Unlike House Hunters International, this is not a tidy and efficient process. We aren’t touring three beautiful homes with a realtor in a sleek SUV and lamenting that the appliances aren’t stainless steel but the basement would make an excellent man cave. Or the Jack n Jill bathroom with the spa tub is gorgeous, but there isn’t enough closet space for Scott’s macramé supplies. This process doesn’t end with the two of us holding hands on a park bench, weighing the pros and cons of each house in eight-second sound bites and then coming to a quick, mutual decision, walking away, arm and arm, to announce to our real estate agent (in person) that we’d like the house with the three-car garage and terrace with a view of the Mt. Kilimanjaro. This is a tad more hardscrabble. We’re walking around neighborhoods, calling numbers on “Se Renta” signs and repeating memorized questions in Spanish for which he can’t understand the answers. We’re trolling Craigslist. We’re emailing Airbnb owners and asking if they’d drop their monthly rate by 75% if we agree to a year lease. We’re sending unsolicited pictures of Aldo to homeowners to convince them to rent to someone with a gorgeous dog. Aldo is pretty; house hunting in San Miguel de Allende is not.
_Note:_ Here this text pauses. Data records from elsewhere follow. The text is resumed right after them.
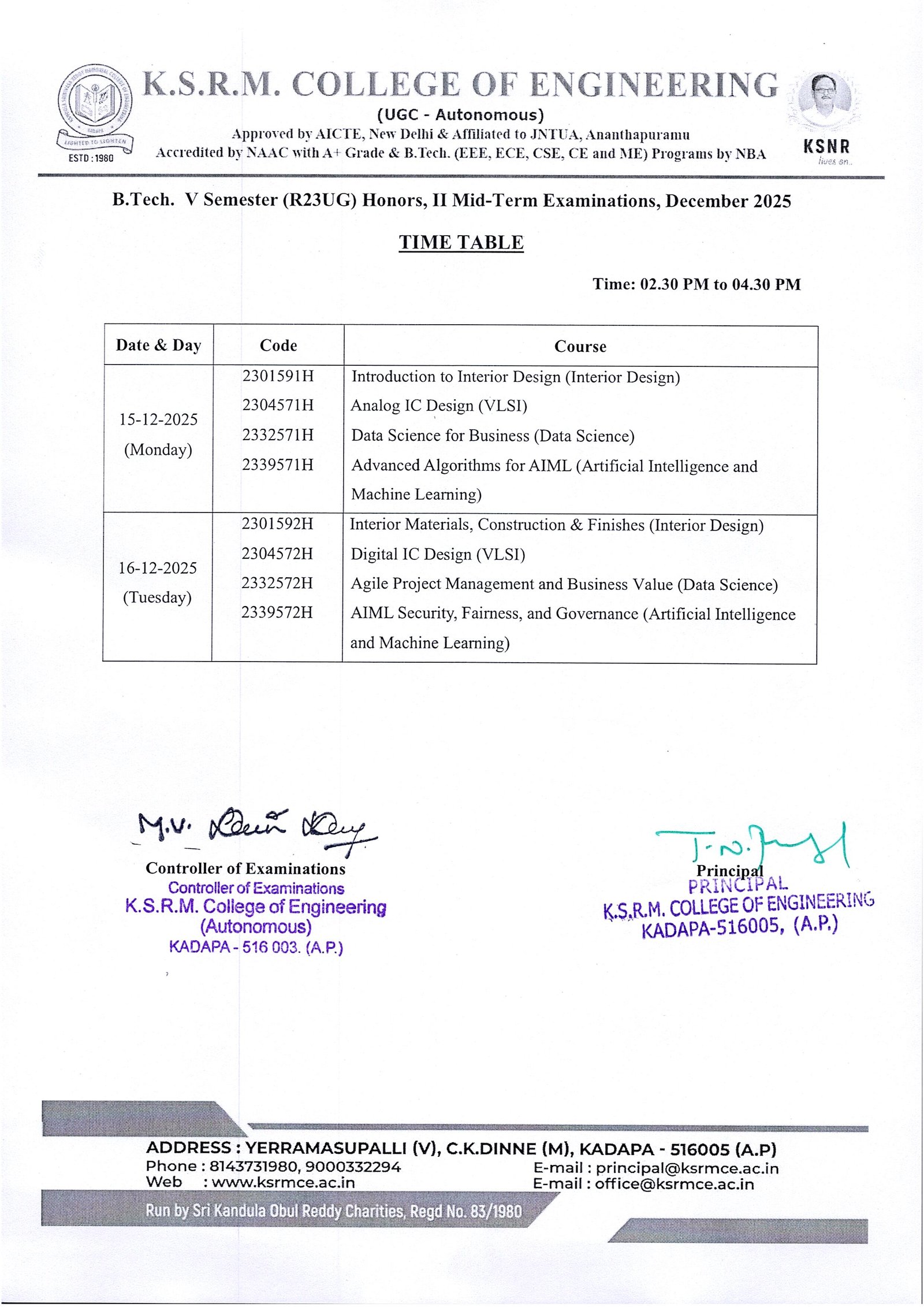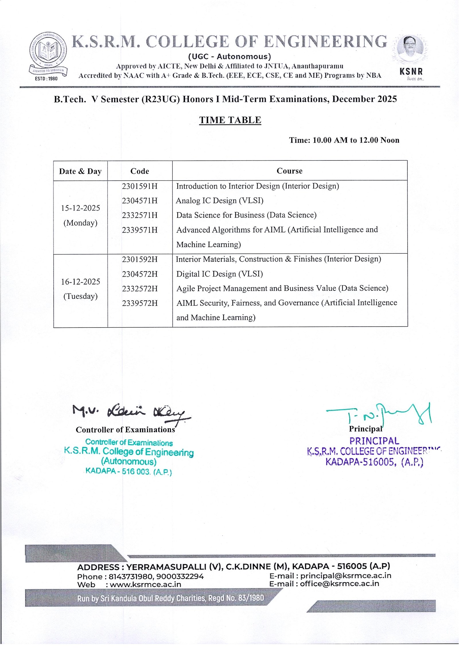 Honor Time Tables - V Sem II Mid Exams, Dec-25
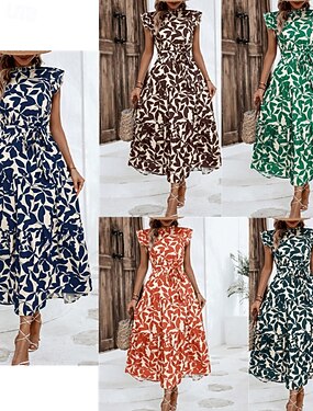 Femmes Robe Midi Robe Fleurie Robe Imprimée Mode Moderne Extérieur Vacances Sortir Coupe Ample Fleuri Sans manches Col montant Orange Marron Vert Bleu de minuit Été Printemps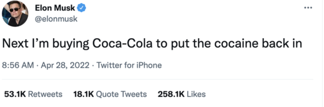 当地时间4月28日,马斯克发布推特,称“Next I’m buying Coca-Cola to put the cocaine back in(接下来我要收购可口可乐,并把可卡因放回去)”。言论一出,全球震惊,此推文仅仅用了几个小时,就收获了超过10万条评论,以及百万个赞。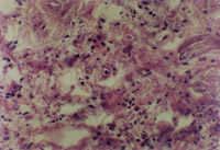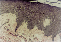 5-3-4a 新生上皮組織和膠原纖維增生,可見典型EB(皮膚胚胎基) HE×40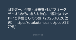 OTOKOTIMES @OtokoTimes1988 – 10:45・2025年10月26日 2025 10/26 2025-10-26 岡本健一、俳優・段田安則と“フォークデュオ”結成の過去を告白、“駆け抜けた1年”と俳優としての顔(2025.10.20放送) https://otokotimes.net/post/23795/ Source:https://x.com/OtokoTimes1988/status/19822623214... text X Post この記事が気に入ったら フォローしてね! Follow @OtokoTimes1988 よかったらシェアしてね! URLをコピーしました! OTOKOTIMES @OtokoTimes1988 - 22:24・2025年10月25日 Rockon Social Club @rockonsocialclub - 11:31・2025年10月26日(Instagram Stories)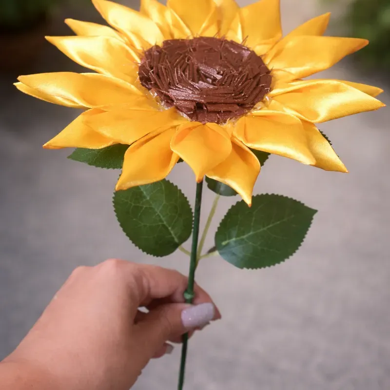 Un girasol eterno con hojas

We did finally find a house. It’s in an eclectic neighborhood walking distance from the kids’ school, with neighborhood restaurants and corner grocery stores scattered throughout. The house has a nice kitchen with full-sized appliances, a washer/dryer, and filtered water. This is a huge bonus because no one drinks unfiltered tap water here and you have to buy giant, countertop water jugs. We are finding that we go through approximately a jug each day because, as Americans, we are obsessed with hydration. Filtered water means someone (Scott) doesn’t have to make 9pm water jug runs. There is a terrace and a rooftop deck with a view of other rooftop decks, a small nook with a desk, and a gas fireplace on the main floor for chilly Mexican winters (or what we call “I might wear pants today” weather in Wisconsin). Most importantly, it has three bedrooms with bed spots for all.

While exploring San Miguel de Allende we discovered this gorgeous park!
And in the park, we discovered a cool, old truck.
Aldo discovered a pile of horse shit and rolled in it.
And we found a pond for Aldo to rinse off. We weren’t sure it was very clean but figured it was cleaner than Aldo covered in horse shit.


7 thoughts on “House and School Hunters International

  • I love your blog! Your writing is so engaging, and really gives a full picture of what you all are going through. We’ve been full time RV traveling around the US for over a year, and probably settling down somewhere new by the end of the year, but I feel the call of Mexico… will continue to follow along, best wishes to you and your family as you settle in and explore!


  • So now you can settle in for a few months – good. The house is adequate – close to school and markets, and has filtered water (a big bonus for Scott) Eating freshly made tortillas is also a big treat. Aldo is having fun rolling in anything with a funky smell. Fun for all.


  • I am having such fun reading of your “adventures”, which is, after all, why you are there. I picked up a brochure from the gallery in my church (Woods) where there is a new exhibit of paintings by Carol Carey. I don’t know her, I do like her work; but what got my attention is: “Recent exhibits, both juried and non-juried, have been in various venues in Maryland and also included in a 2015 Art Walk in San Miguel de Allende, Mexico.” How about that!